__Exercise details__
Your copy should begin with the line containing "Elevate your farmhouse", end with the line containing "A red and navy", match the listing below exactly, and contain no pictures.

__Exercise data__
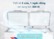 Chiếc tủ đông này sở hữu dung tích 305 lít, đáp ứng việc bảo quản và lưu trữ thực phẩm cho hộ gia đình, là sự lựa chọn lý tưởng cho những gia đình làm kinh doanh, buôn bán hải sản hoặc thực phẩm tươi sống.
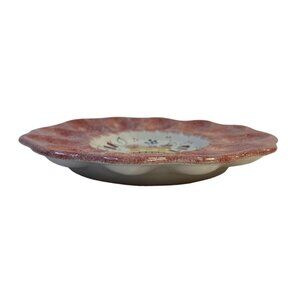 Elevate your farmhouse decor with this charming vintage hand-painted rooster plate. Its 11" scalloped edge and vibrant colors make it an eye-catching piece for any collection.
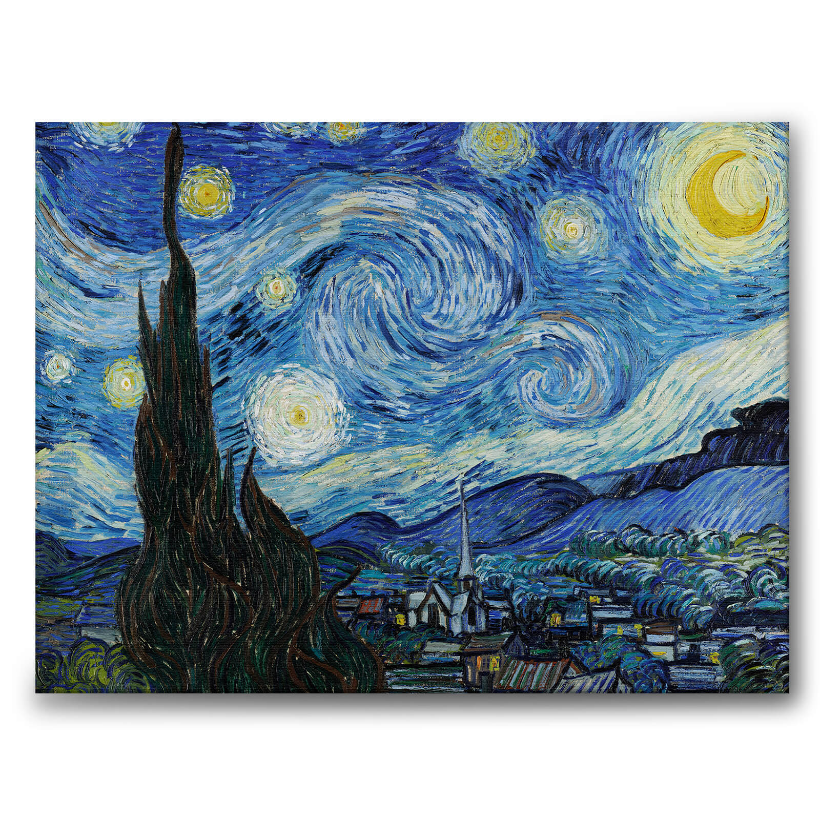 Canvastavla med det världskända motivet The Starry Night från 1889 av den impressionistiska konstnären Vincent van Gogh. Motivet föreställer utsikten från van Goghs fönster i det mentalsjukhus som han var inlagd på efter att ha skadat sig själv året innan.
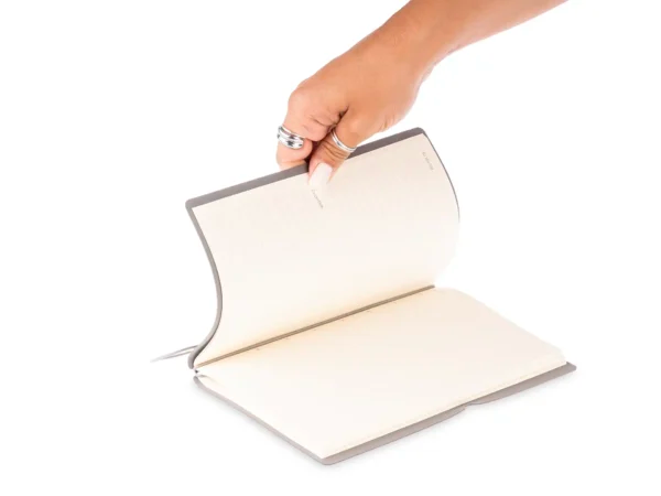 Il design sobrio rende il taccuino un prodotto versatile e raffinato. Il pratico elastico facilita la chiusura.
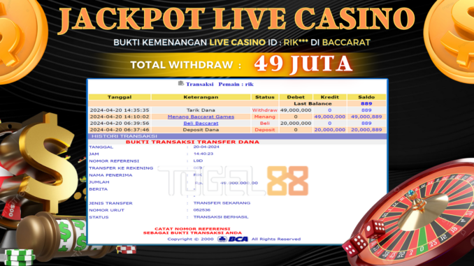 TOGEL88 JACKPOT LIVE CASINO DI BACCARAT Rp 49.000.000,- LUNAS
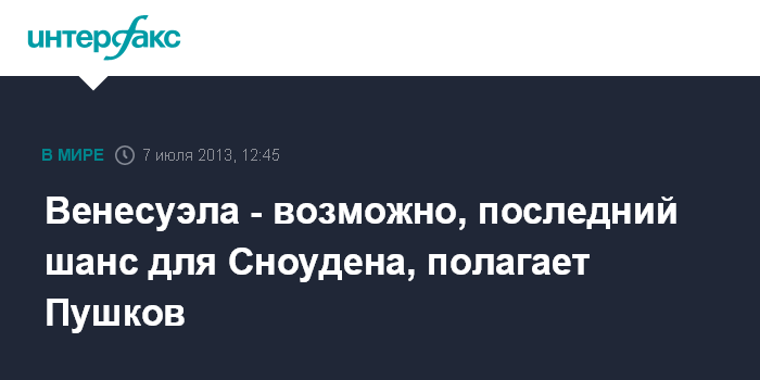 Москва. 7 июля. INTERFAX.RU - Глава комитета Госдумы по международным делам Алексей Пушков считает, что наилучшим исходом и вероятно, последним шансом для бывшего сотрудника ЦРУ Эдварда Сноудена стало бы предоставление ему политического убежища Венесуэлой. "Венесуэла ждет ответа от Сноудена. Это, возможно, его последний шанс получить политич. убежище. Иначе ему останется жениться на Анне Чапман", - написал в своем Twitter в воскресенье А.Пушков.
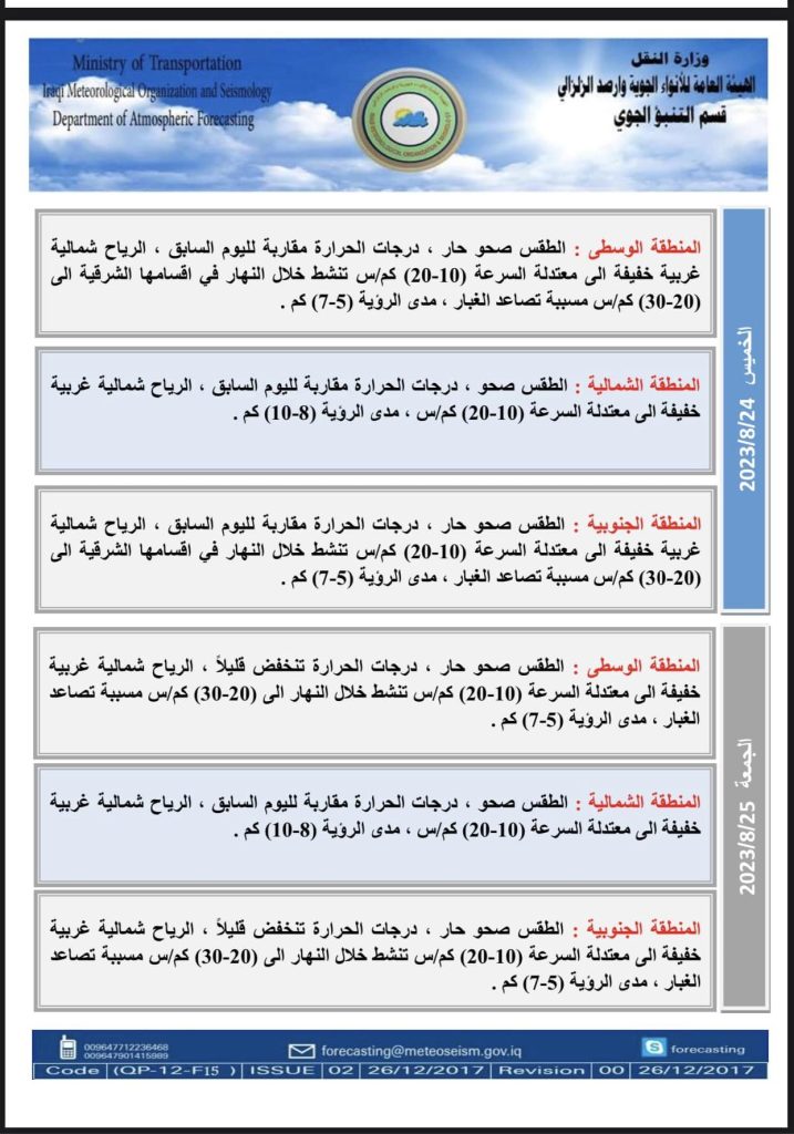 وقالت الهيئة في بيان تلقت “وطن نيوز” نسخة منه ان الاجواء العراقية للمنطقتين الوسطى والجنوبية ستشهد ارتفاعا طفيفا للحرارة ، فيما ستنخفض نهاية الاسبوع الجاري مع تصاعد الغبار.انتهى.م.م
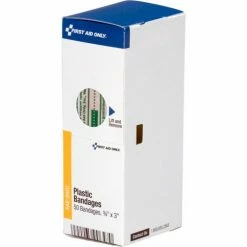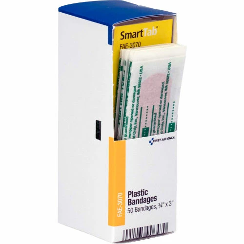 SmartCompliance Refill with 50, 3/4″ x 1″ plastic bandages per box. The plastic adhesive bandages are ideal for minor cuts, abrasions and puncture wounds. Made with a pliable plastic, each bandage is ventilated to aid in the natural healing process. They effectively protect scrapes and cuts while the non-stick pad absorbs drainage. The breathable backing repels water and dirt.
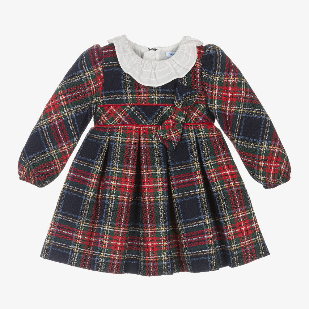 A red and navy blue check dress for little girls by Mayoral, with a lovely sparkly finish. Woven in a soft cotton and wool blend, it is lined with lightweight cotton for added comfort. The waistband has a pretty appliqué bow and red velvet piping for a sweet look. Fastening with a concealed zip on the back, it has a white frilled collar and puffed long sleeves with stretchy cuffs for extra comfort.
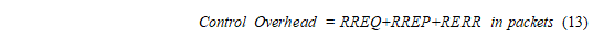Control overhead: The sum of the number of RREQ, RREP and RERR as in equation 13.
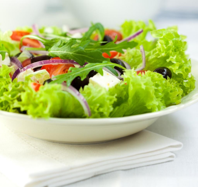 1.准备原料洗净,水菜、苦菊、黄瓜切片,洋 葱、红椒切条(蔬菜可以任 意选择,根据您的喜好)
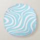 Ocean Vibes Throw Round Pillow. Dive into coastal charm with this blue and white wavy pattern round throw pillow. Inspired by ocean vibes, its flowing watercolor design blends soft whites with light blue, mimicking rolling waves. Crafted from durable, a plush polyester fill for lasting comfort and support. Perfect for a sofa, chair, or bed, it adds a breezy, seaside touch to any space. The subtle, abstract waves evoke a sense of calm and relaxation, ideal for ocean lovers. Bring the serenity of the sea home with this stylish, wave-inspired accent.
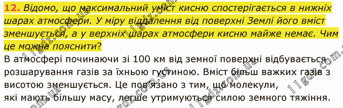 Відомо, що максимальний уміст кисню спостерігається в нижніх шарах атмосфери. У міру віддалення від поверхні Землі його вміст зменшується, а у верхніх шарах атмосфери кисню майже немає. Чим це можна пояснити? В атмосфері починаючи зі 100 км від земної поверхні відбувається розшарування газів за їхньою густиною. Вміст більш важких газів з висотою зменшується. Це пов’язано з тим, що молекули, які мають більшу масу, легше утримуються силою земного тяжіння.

__Answer to this task__
 Elevate your farmhouse decor with this charming vintage hand-painted rooster plate. Its 11" scalloped edge and vibrant colors make it an eye-catching piece for any collection.
 Canvastavla med det världskända motivet The Starry Night från 1889 av den impressionistiska konstnären Vincent van Gogh. Motivet föreställer utsikten från van Goghs fönster i det mentalsjukhus som han var inlagd på efter att ha skadat sig själv året innan.
 Il design sobrio rende il taccuino un prodotto versatile e raffinato. Il pratico elastico facilita la chiusura.
 TOGEL88 JACKPOT LIVE CASINO DI BACCARAT Rp 49.000.000,- LUNAS
 Москва. 7 июля. INTERFAX.RU - Глава комитета Госдумы по международным делам Алексей Пушков считает, что наилучшим исходом и вероятно, последним шансом для бывшего сотрудника ЦРУ Эдварда Сноудена стало бы предоставление ему политического убежища Венесуэлой. "Венесуэла ждет ответа от Сноудена. Это, возможно, его последний шанс получить политич. убежище. Иначе ему останется жениться на Анне Чапман", - написал в своем Twitter в воскресенье А.Пушков.
 وقالت الهيئة في بيان تلقت “وطن نيوز” نسخة منه ان الاجواء العراقية للمنطقتين الوسطى والجنوبية ستشهد ارتفاعا طفيفا للحرارة ، فيما ستنخفض نهاية الاسبوع الجاري مع تصاعد الغبار.انتهى.م.م
 SmartCompliance Refill with 50, 3/4″ x 1″ plastic bandages per box. The plastic adhesive bandages are ideal for minor cuts, abrasions and puncture wounds. Made with a pliable plastic, each bandage is ventilated to aid in the natural healing process. They effectively protect scrapes and cuts while the non-stick pad absorbs drainage. The breathable backing repels water and dirt.
 A red and navy blue check dress for little girls by Mayoral, with a lovely sparkly finish. Woven in a soft cotton and wool blend, it is lined with lightweight cotton for added comfort. The waistband has a pretty appliqué bow and red velvet piping for a sweet look. Fastening with a concealed zip on the back, it has a white frilled collar and puffed long sleeves with stretchy cuffs for extra comfort.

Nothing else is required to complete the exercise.